A point to consider for this video:

Calculating quartiles and percentiles:
Finding quartiles typically necessitates interpolating between two of the data values. Many ways have been proposed to do this, and the various methods have different desirable technical properties. As an example, consider the ordered data consisting of the following quiz scores for 8 students (out of 10): {5, 5, 6, 7, 8, 9, 9, 10}.

The median is the average of the 4th and 5th data value, which is 7.5.

One common method to estimate the 1st quartile is to find the median of the lower half of the data. That is, find the median of the four data values {5, 5, 6, 7}, which is 5.5.

Another common method is to calculate the position, or rank, of the quartile in a dataset that has been ordered from smallest to largest.  For an estimate of the first quartile of a dataset containing n values, find the position using the formula
position=quartile ⁄ 100×(n-1)+1, where quartile is 25 for the first quartile, 50 for the median, and 75 for the third quartile.

Then for the 1st quartile of this simple dataset, position=0.25×7+1=2.75.

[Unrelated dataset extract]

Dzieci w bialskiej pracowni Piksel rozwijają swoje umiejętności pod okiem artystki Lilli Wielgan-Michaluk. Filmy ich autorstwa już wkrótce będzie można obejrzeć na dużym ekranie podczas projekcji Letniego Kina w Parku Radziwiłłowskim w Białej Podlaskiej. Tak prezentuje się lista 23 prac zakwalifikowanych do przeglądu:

And so the estimate of the 1st quartile is the value that is three-quarters of the way between the 2nd and 3rd data value, or 5.75 for these data.

This formula for finding the position of a quartile can be extended to any percentile. Definitions of percentile can vary slightly, but the important thing to keep in mind when talking about a percentile is how to interpret it. As an example, the  90th percentile gives an estimate of the value that is greater than or equal to 90% of the data. One method of estimating it is to calculate its position in the dataset, using the formula above, plugging in 90 for quartile. (Although the 90th percentile isn’t a quartile, the formula works for any percentile.)

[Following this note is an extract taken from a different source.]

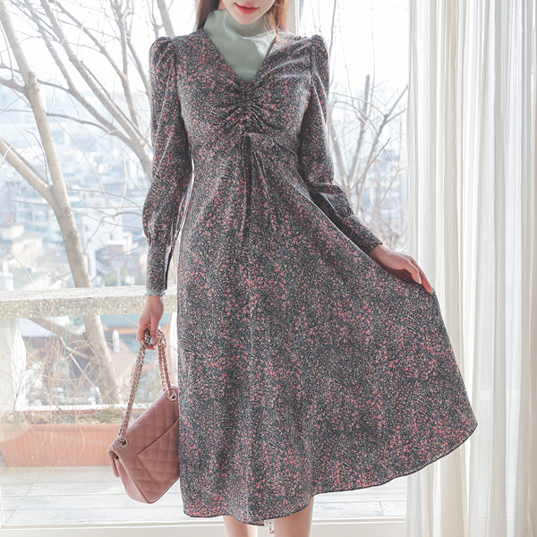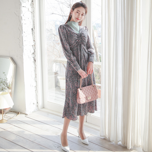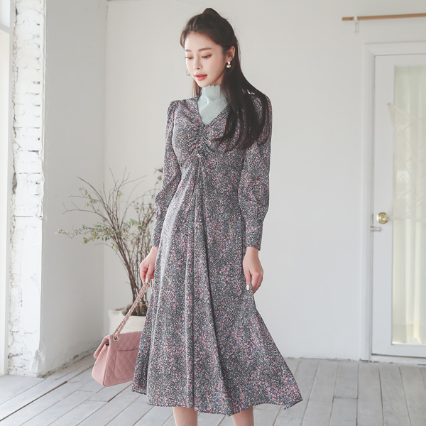Floral Gather Shirring String V-neck Long Dress

Any of the other methods to estimate a quartile or other percentile will give a similar answer and any can be used. Much more important than the details of the calculation is to be able to properly interpret its meaning. Here’s an example:

Suppose a class of students write an exam, and the 3rd quartile of their grades is 80. A student writes the test the next day, and gets a grade of 75. What can we say about this student’s grade compared to the rest of the class?